**What needs to be done:** Return the following from the records below: each line, word for word, starting with the line that contains "但若是想要打造出更加休閑舒適" and going on through the line that contains "1、帮助你的英雄角色来出击,还有不同的英雄各显神通,熟悉不同的神圣角色降临;", with nothing outside that range.

**Input records:**
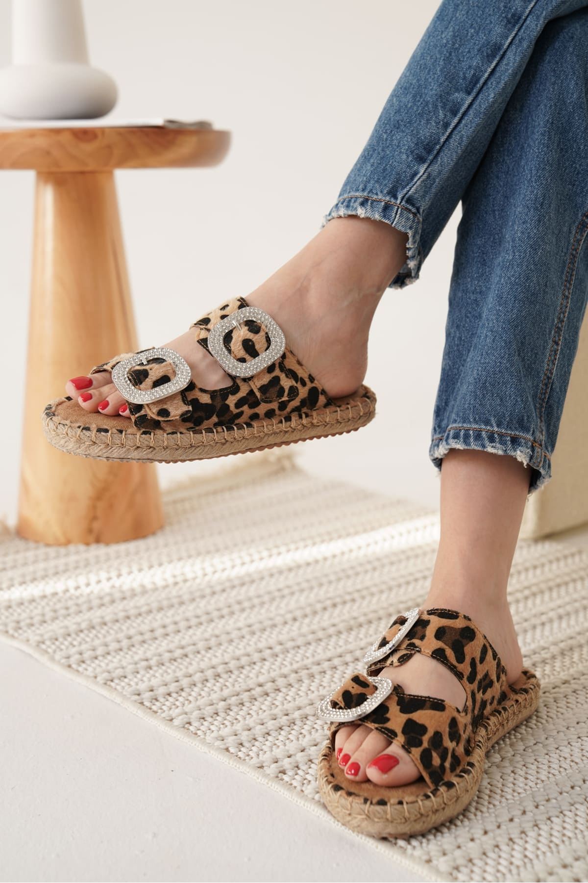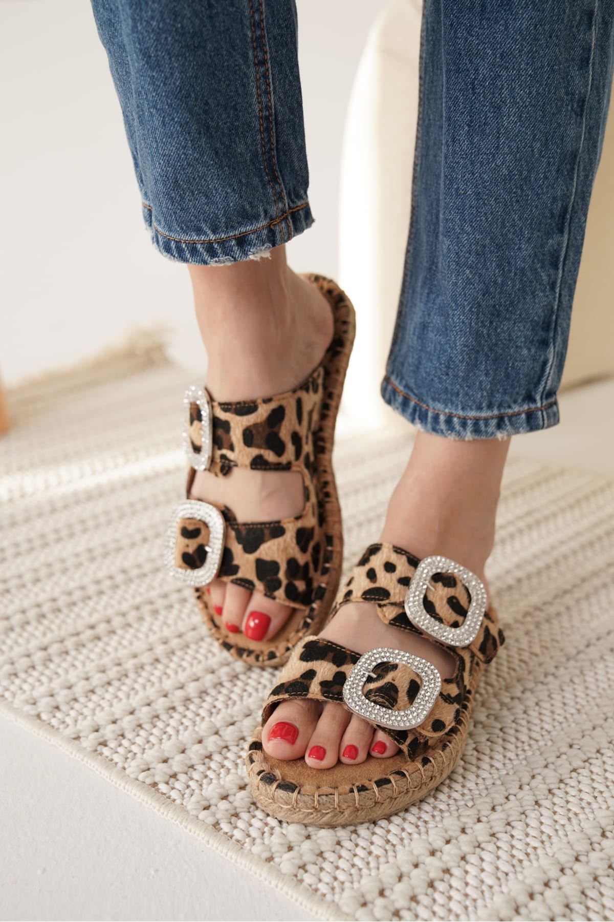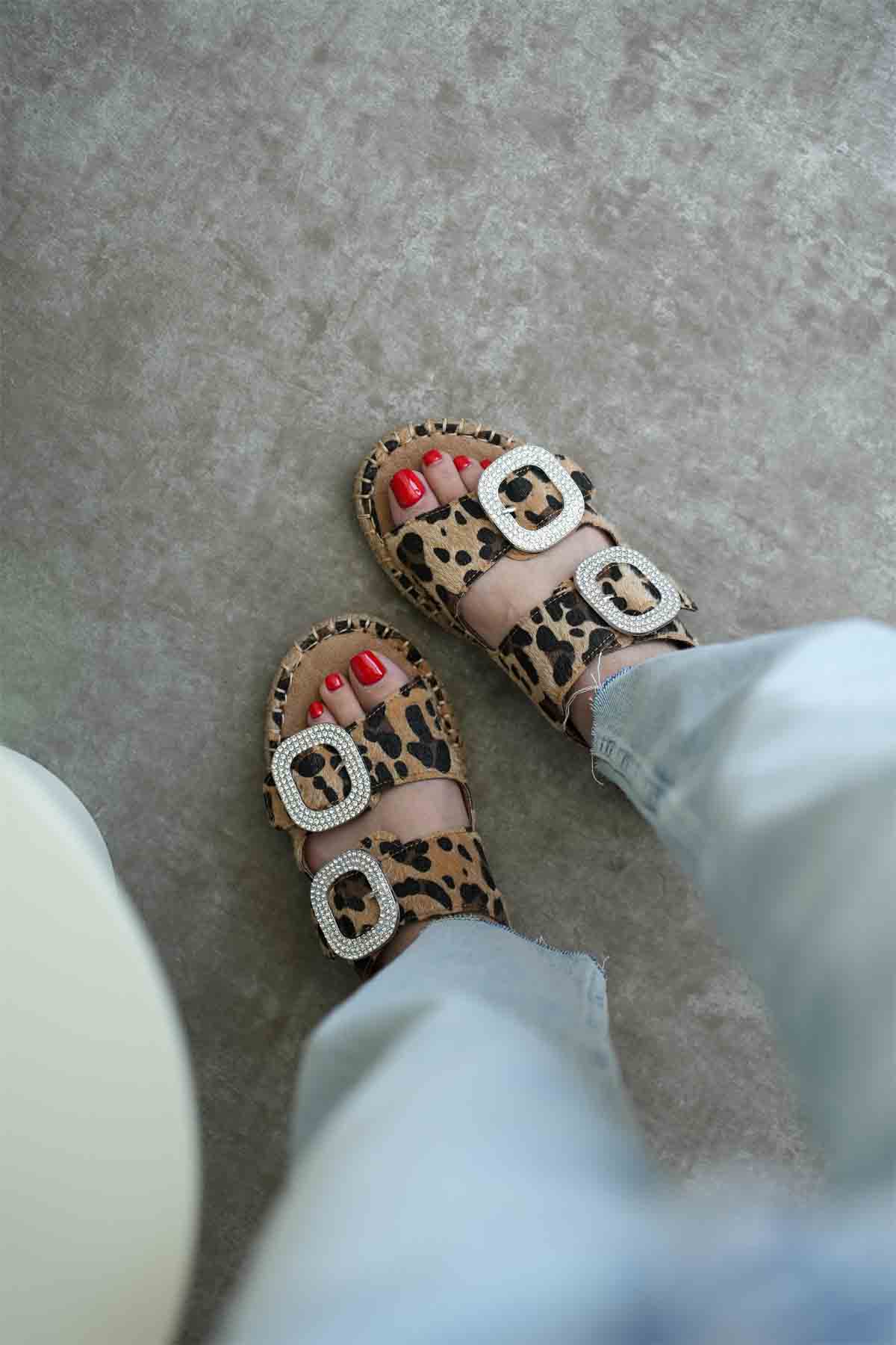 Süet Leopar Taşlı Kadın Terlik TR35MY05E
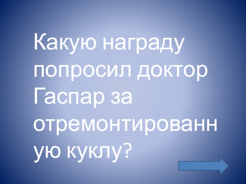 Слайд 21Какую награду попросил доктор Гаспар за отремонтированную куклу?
==
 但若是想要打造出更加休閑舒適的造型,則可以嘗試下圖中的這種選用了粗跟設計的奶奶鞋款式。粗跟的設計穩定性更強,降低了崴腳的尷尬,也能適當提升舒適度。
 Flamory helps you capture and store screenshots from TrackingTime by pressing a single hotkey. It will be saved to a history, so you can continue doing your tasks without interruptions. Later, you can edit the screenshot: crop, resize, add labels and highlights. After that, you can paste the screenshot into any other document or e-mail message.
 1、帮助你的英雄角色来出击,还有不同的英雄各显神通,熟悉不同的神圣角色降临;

**The completed task:**
 但若是想要打造出更加休閑舒適的造型,則可以嘗試下圖中的這種選用了粗跟設計的奶奶鞋款式。粗跟的設計穩定性更強,降低了崴腳的尷尬,也能適當提升舒適度。
 Flamory helps you capture and store screenshots from TrackingTime by pressing a single hotkey. It will be saved to a history, so you can continue doing your tasks without interruptions. Later, you can edit the screenshot: crop, resize, add labels and highlights. After that, you can paste the screenshot into any other document or e-mail message.
 1、帮助你的英雄角色来出击,还有不同的英雄各显神通,熟悉不同的神圣角色降临;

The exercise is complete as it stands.